#### [RAW DATA]
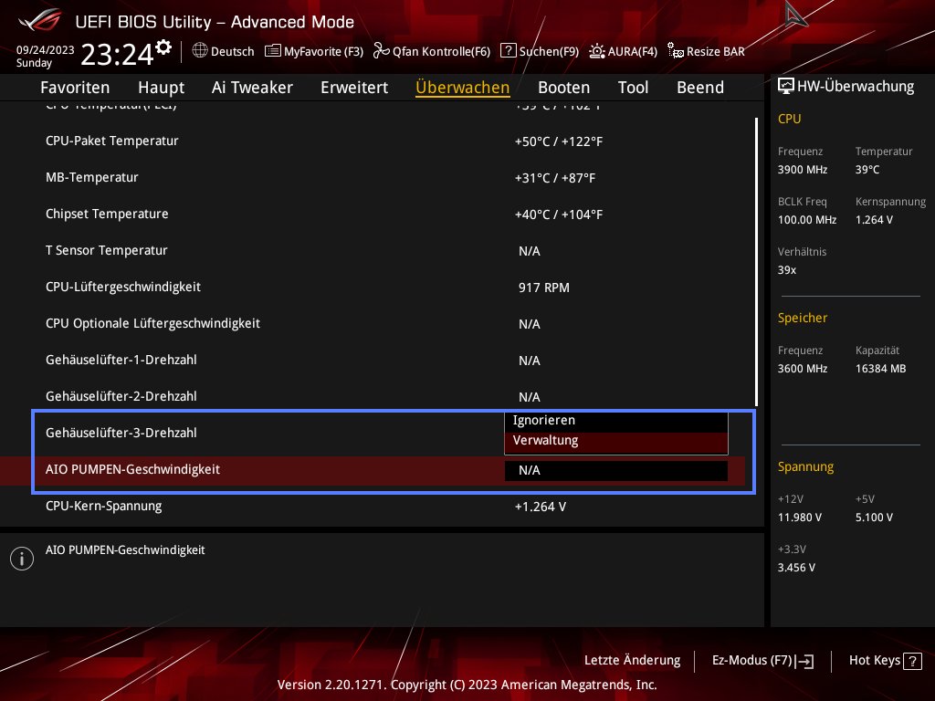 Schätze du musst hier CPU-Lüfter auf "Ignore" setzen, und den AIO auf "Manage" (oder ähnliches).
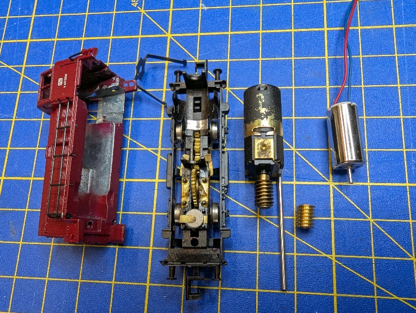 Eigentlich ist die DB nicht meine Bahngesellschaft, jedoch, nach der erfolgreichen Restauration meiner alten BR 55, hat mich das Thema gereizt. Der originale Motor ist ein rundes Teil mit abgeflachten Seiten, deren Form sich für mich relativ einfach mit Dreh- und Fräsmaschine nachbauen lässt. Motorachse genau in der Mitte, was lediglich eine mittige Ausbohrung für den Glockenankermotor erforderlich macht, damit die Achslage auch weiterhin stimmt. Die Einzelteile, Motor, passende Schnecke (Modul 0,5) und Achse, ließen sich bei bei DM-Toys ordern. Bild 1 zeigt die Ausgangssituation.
---
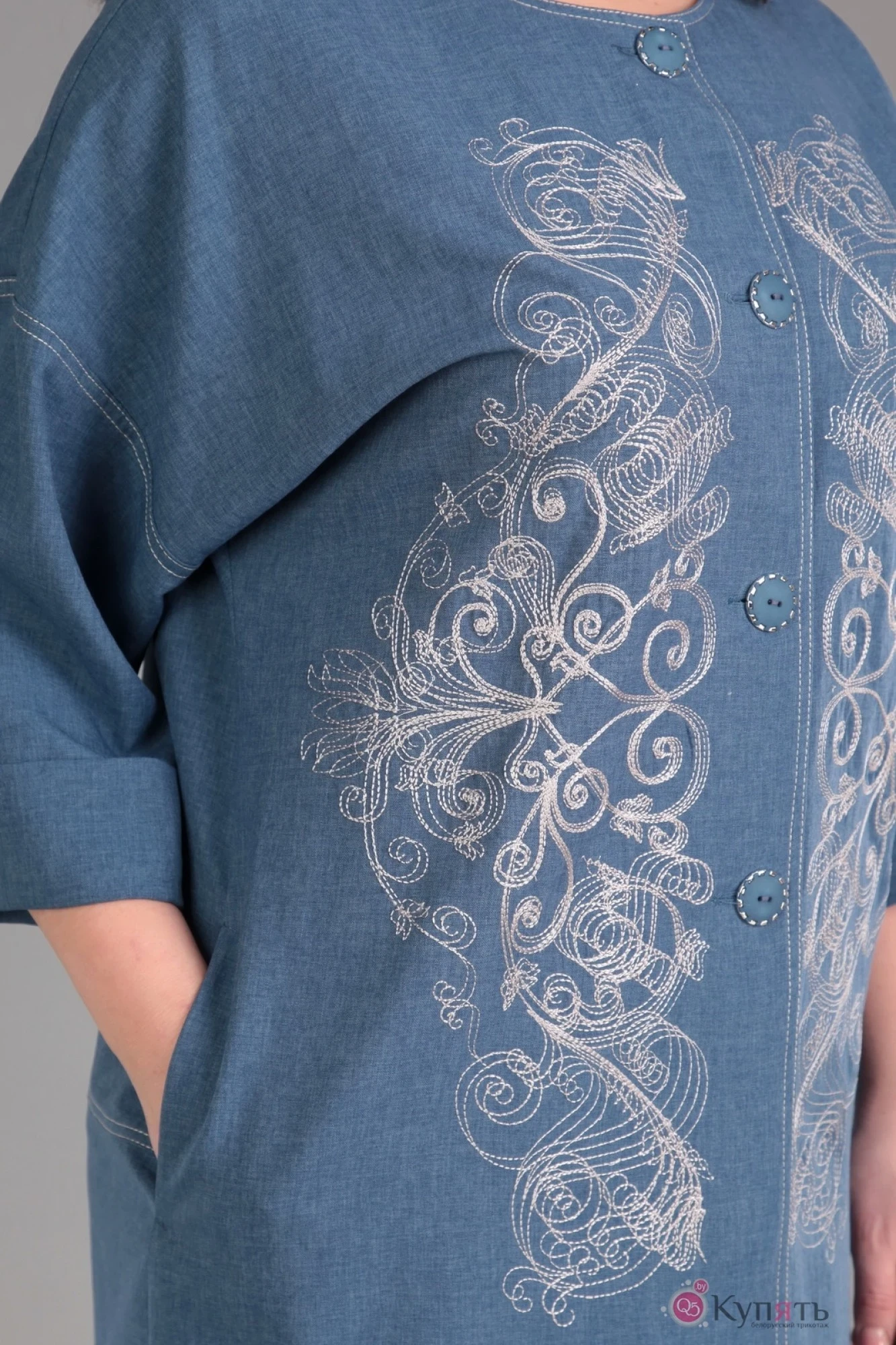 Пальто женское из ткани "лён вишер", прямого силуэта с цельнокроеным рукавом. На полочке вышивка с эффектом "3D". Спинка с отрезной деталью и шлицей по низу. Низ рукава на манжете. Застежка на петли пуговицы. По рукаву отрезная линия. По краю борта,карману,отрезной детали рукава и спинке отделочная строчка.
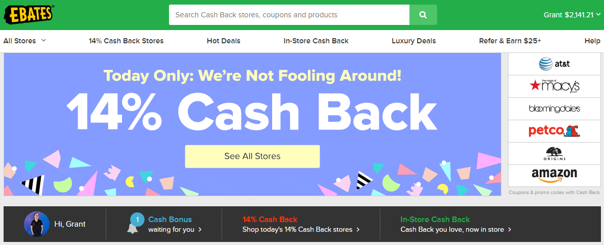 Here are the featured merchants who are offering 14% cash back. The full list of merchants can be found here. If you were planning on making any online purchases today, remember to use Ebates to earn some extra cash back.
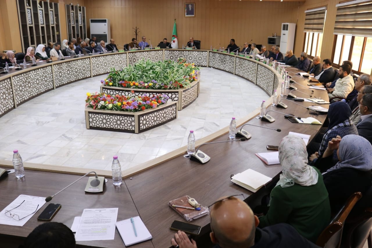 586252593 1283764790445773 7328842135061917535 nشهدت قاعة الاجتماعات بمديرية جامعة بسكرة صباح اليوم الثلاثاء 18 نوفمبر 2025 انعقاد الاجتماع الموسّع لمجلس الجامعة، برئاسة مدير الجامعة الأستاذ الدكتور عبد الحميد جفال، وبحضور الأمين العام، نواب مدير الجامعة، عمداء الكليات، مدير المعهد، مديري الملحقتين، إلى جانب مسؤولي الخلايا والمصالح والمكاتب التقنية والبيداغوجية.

#### [PROMPT]
In the data above, find the line containing "Пальто женское из" and the line containing "586252593 1283764790445773 7328842135061917535". Copy exactly the stretch from the first through the second, both included, leaving out any picture.

#### [RESPONSE TO THIS TASK]
 Пальто женское из ткани "лён вишер", прямого силуэта с цельнокроеным рукавом. На полочке вышивка с эффектом "3D". Спинка с отрезной деталью и шлицей по низу. Низ рукава на манжете. Застежка на петли пуговицы. По рукаву отрезная линия. По краю борта,карману,отрезной детали рукава и спинке отделочная строчка.
 Here are the featured merchants who are offering 14% cash back. The full list of merchants can be found here. If you were planning on making any online purchases today, remember to use Ebates to earn some extra cash back.
 586252593 1283764790445773 7328842135061917535 nشهدت قاعة الاجتماعات بمديرية جامعة بسكرة صباح اليوم الثلاثاء 18 نوفمبر 2025 انعقاد الاجتماع الموسّع لمجلس الجامعة، برئاسة مدير الجامعة الأستاذ الدكتور عبد الحميد جفال، وبحضور الأمين العام، نواب مدير الجامعة، عمداء الكليات، مدير المعهد، مديري الملحقتين، إلى جانب مسؤولي الخلايا والمصالح والمكاتب التقنية والبيداغوجية.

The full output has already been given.